Call it contrast, balance or yin and yang — the principle is clearly at work in the expertly layered spaces interior designer Nora Schneider creates. “I’m not a big fan of rooms that have all one style,” says the Chicago-based creative. “I like to mix it up — I love smooth with rough and old with new — that tension is something that I concentrate on. I have always been attracted to the combination of ancient and modern and how they compliment and elevate one another.”

When designing the sumptuous bedroom pictured bw (her own, as it happens), Nora used the wallpaper as her jumping-off point. “I knew that I wanted the wall behind the bed to be great-big oversized, exaggerated blooms. Once I found the paper, it became the inspiration for the wall color and the rest of the room. I wanted it to be dark and moody. I often do bedrooms in dark saturated colors, if the client will go for it. Bedrooms are rooms where you can really do that. Your bedroom is your sanctuary, and when you shut the door it sort of envelops you,” she says.

In addition to a pair of antique Chinese chests used as sleek bedside tables, Nora brought in a stone garden stool. Part elegance, part ergonomics, she placed it an exact arms-length from bed, creating the perfect book perch.

When kicking off a new design project, Nora often counsels clients to start by choosing one thing that they really love. “I don’t care if it’s a vase, a chair, wallpaper, or a rug that we find — we use that as a starting point,” she says. “They fall in love with something, and then the inspiration comes from there. I advocate starting with a rug. People always want to paint everything first, when actually it should be the the last thing that you do.”

A life-long treasure hunter, Nora credits her mother with sparking her passion, by taking her along to estate sales and antique shops as a child. She learned early to spot a piece with potential. “It used to be so much fun. We would walk up and down the alleys and look for people’s [cast-away] furniture to repurpose. I’d take a piece home and paint it purple or something crazy,” says Nora. These days, her searches are often conducted in service of her clients. “Wherever I go I’m on the lookout for beauty and unique pieces. Whether it be junk shops in Mexico or antique shops in Paris, I’m always looking for treasures for my clients.”

When it comes to designing for high-rise apartments, Nora is skilled at taking spaces well beyond the  “white box” look. “What I try to do is build character. Adding an antique, whether it’s Asian or French, is such an easy solution and it feels so right,” she says. “I like other antiques as well, but Asian antiques, in particular, for their clean lines — and when it comes to patina, nobody does it better. They really are the perfect fit for most rooms I design.”

Another of her signature tools for delivering rich, storied-looking spaces, is the high-contrast power of black. “I like using black as a backdrop, and then contrasting it with a vivid color, in front. That contrast is very dramatic and that’s what I like.”

“You only need a few beautiful things,” says Nora. “I love to create collections, but I like them to feel very curated. People love to buy a lot of beautiful stuff, but then it can feel like clutter — you can’t see the forest for the trees. Choose carefully and choose only a few special items. If you have a lot, none of it matters.” Pictured above is Nora’s personal collection of beaded African heads from Cameroon. She’s assembled a similar collection for a client.

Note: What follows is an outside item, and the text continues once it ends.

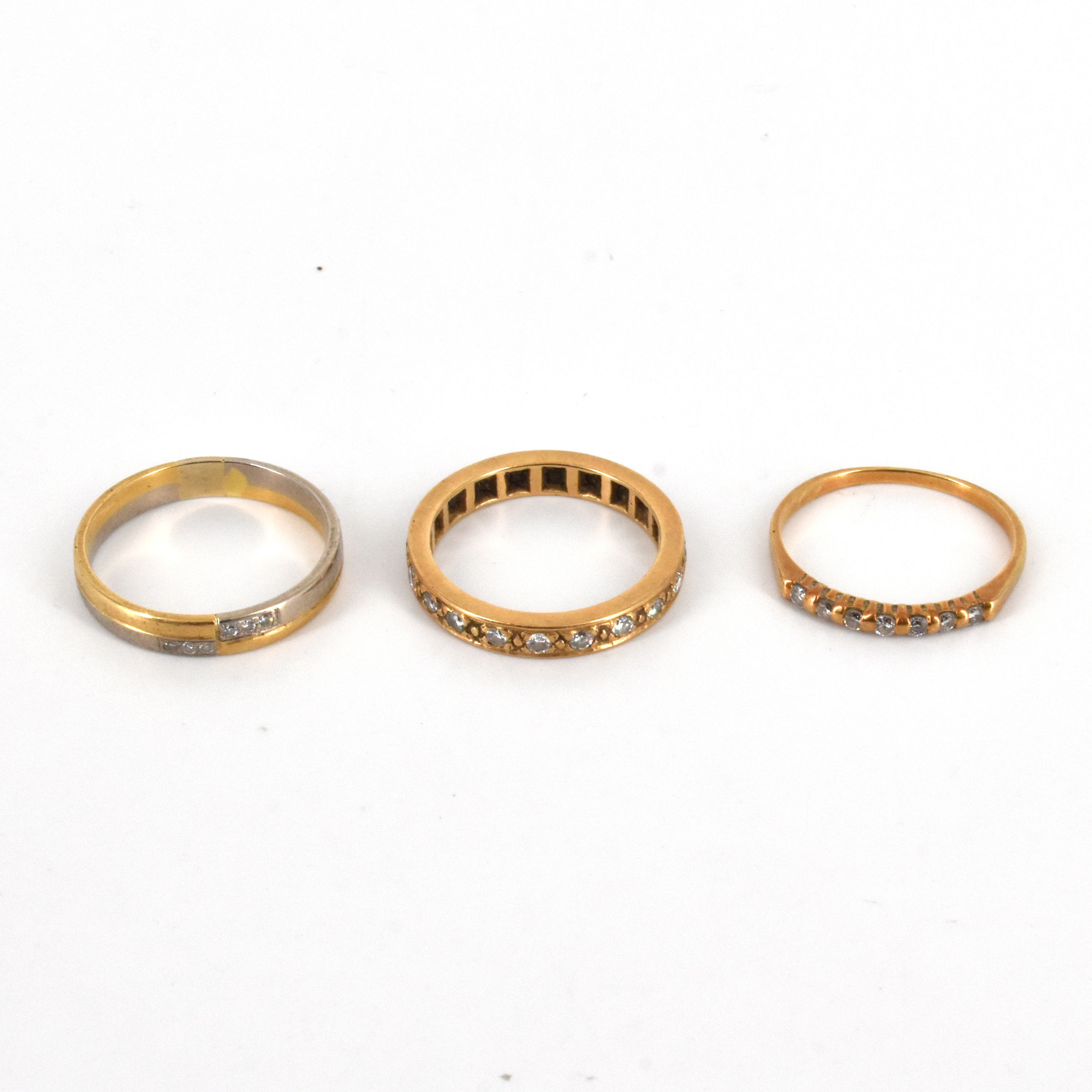 Bague en or blanc 18 ct et platine sertie de 3 diamants taille ancienne 0.40 ct et 2 x 0.22 ct - 9.4 g (Taille: 54)

“My clients are a consistent source of inspiration, I always look to them first,” says Nora. “I also love Instagram, it’s a never-ending resource. You have to build a great group to follow, and I’m always inspired by my peers.” Fashion, textiles, museums, and travel are just a few other favorites that top her list. “I do find that I come home from someplace and see myself doing things that relate to where I’ve just been,” she says.